Le 27 janvier 2026, la question de la vaccination des nouveau-nés au Haut-Katanga, en particulier pour le vaccin BCG, soulève de nombreuses interrogations. Des incidents récents ont mis en lumière des dérapages dans l’administration de ce vaccin essentiel, incitant les professionnels de santé à renforcer la formation du personnel afin d’éviter des erreurs potentiellement graves.
Les responsables du Programme Élargi de Vaccination (PEV) se veulent rassurants. Le docteur Blaise, représentant du PEV, a souligné qu’à chaque introduction d’un nouveau vaccin, des sessions de formation sont systématiquement mises en place. Les équipes des zones de santé reçoivent d’abord une formation approfondie, avant de transmettre ces connaissances aux infirmiers travaillant dans les centres de santé.
Dans la zone de santé de Ruashi, le médecin-chef Delile Lumbala confirme cette démarche proactive. Il explique que ces formations permettent aux prestataires de bien appréhender les spécificités du vaccin, y compris son antigène, sa voie d’administration et, surtout, les conditions de conservation. Ce dernier point est souvent négligé, mais il est crucial pour garantir l’efficacité du vaccin.
Cependant, certains spécialistes appellent à une vigilance accrue. Le docteur Beya Binyingela Samuel insiste sur le fait que le BCG doit être administré très tôt, idéalement entre le 3ᵉ et le 7ᵉ jour après la naissance, par une injection intradermique délicate. Il souligne également l’importance de la cicatrice en forme de « peau d’orange », qui constitue un indicateur visible que le vaccin a bien été administré.
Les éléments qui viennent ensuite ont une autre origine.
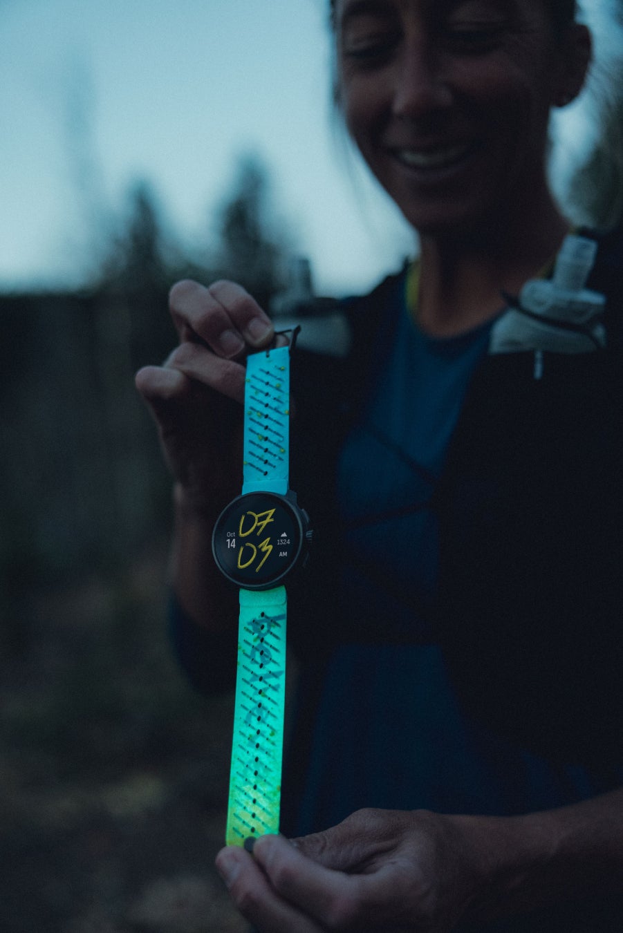 フルマラソンより長い距離を競うウルトラマラソンでは、夜の孤独な時間がとても辛いとされています。「SUUNTO RACE S Titanium Courtney」はバンドに蓄光素材を使用することで、暗くなった時にバンドが光り、コートニーのモットーである“Believe”(信じる)が浮かび上がります。
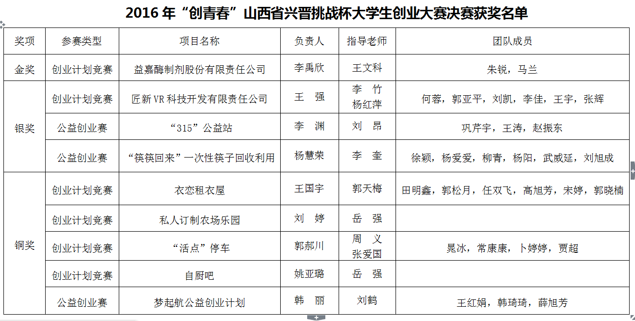 6月2日至5日, 2016年“创青春”山西省兴晋挑战杯大学生创业大赛决赛终审答辩在山西工商学院隆重举行。我校入围决赛终审答辩的9个创新创业团队在陈述和答辩过程中表现优异,发挥出色,最终获得金奖1项、银奖3项、铜奖5项,我院研究生郭郝川等同学的《“活点”停车》获得创业计划类铜奖。
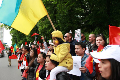 Bé còn quá nhỏ để hiểu rằng, rất nhiều cô chú người Việt Nam và bè bạn người Ukraine với rất nhiều cờ và các biểu ngữ bằng ba thứ tiếng Việt, Ukraine và Trung đã hô vang các khẩu hiệu phản đối nhà cầm quyền Trung Quốc ngang ngược, bất chấp luật pháp quốc tế, đặt giàn khoan Hải Dương 981 trái phép trong vùng chủ quyền biển của Việt Nam. Một hành động xâm lược!
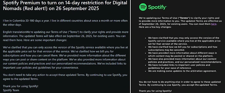 3 сентября в соцсетях завирусилась информация, что слушателям Spotify из других регионов отключат оплаченные премиум-подписки с 26 сентября 2025 года. В оригинальном сообщении автор текста рассказал, что ему пришло письмо от имени сервиса, в котором говорится о требовании подтверждать пребывание в указанном при регистрации регионе каждые 14 дней.
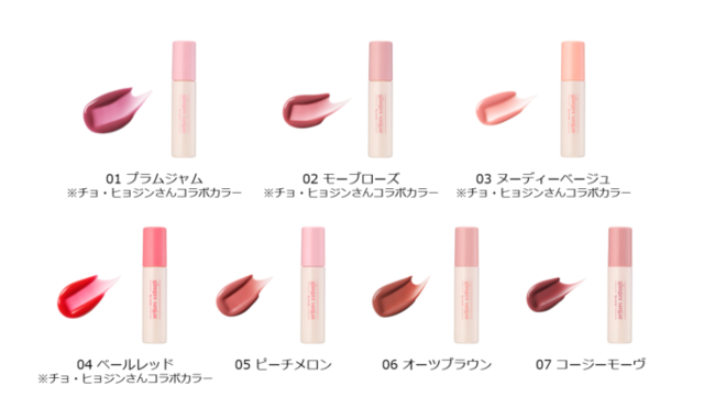 01 プラムジャム02 モーブローズ03 ヌーディーベージュ04 ベールレッド05 ピーチメロン06 オーツブラウン07 コージーモーヴ
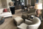 Custom upholstery on size specific frames allow the furnitings to flow nicely in this space with its angular walls. The low arms on this small sofa keep it from being too bulky and blocking the rest of the room.
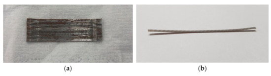 Photographic images of (a) steel and (b) polyolefin fiber. Note that the steel fiber had a hooked end shape with diameter of 0.6 mm and length of 35 mm; the polyolefin fiber had a rough textured prismatic shape (1.05 × 0.55 × 50 mm) consisting of multiple individual fibers that were twisted and combined to act as a single fiber.
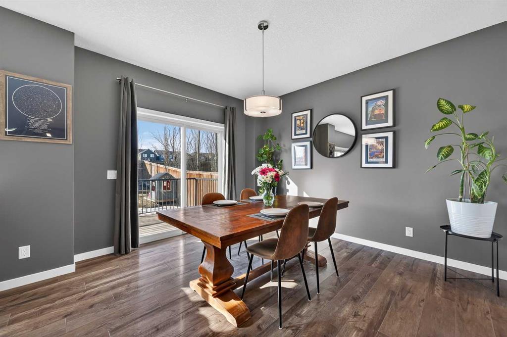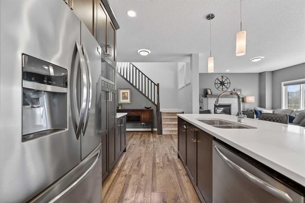 The open-concept main floor is ideal for entertaining, highlighted by espresso kitchen cabinetry, white quartz countertops, and a seamless flow into the dining and living areas. Upstairs, vaulted ceilings add architectural charm and an elevated sense of space. The primary retreat offers a luxurious ensuite and walk-in closet, while two additional generously sized bedrooms—each with walk-in closets—provide versatile living for family or guests. Durable laminate, carpet, and tile flooring complete the interior, complemented by the comfort of central A/C for warm summer days. Step outside to a fully landscaped backyard with mature trees, no rear neighbours, and a nearby green space, perfect for families, pets, and outdoor enjoyment. Enjoy year-round lake access, scenic pathways, parks, schools, shopping, and everyday amenities that make Mahogany one of Calgary’s most sought-after communities. This is an incredible opportunity to experience privacy, premium features, and the unmatched Mahogany lifestyle.
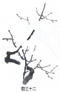 第一步是出枝。先用笔蘸调淡墨,在盘子边上括干些,再蘸深墨,以中锋画出最前面的枝条。起笔时用中锋,画至枝条下端渐转侧锋,务必注意行笔过程中,枝条留白断开,以便填花。也可先用较淡的墨,以侧锋画出后边的粗枝干,再加前面深枝条。要根据构图需要灵活运用。无论那种方法,枝干的穿插交错、疏密关系和断开留白等都是一样的。

En l’absence de cette marque, la vaccination peut être considérée comme non réussie.
Dans cette optique, Sasa Studio, un acteur clé dans la sensibilisation, affirme que former, recycler et accompagner les prestataires de santé est essentiel pour assurer une protection efficace des nouveau-nés. Cette responsabilité doit être partagée entre les autorités sanitaires, les soignants et les structures de formation, afin que chaque enfant puisse débuter sa vie avec une protection vaccinale adéquate et fiable.
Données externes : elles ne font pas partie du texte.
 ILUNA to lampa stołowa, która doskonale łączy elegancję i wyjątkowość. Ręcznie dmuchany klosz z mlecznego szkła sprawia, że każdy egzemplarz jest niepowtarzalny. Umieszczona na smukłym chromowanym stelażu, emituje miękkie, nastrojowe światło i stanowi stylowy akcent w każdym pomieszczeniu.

Pour conclure, alors que le Haut-Katanga s’efforce d’améliorer ses services de santé, la formation continue des professionnels de santé se révèle cruciale pour protéger les plus vulnérables. Le chemin vers une vaccination efficace est semé d’embûches, mais avec des efforts concertés, il est possible d’assurer un avenir en meilleure santé pour les nouveau-nés de la région.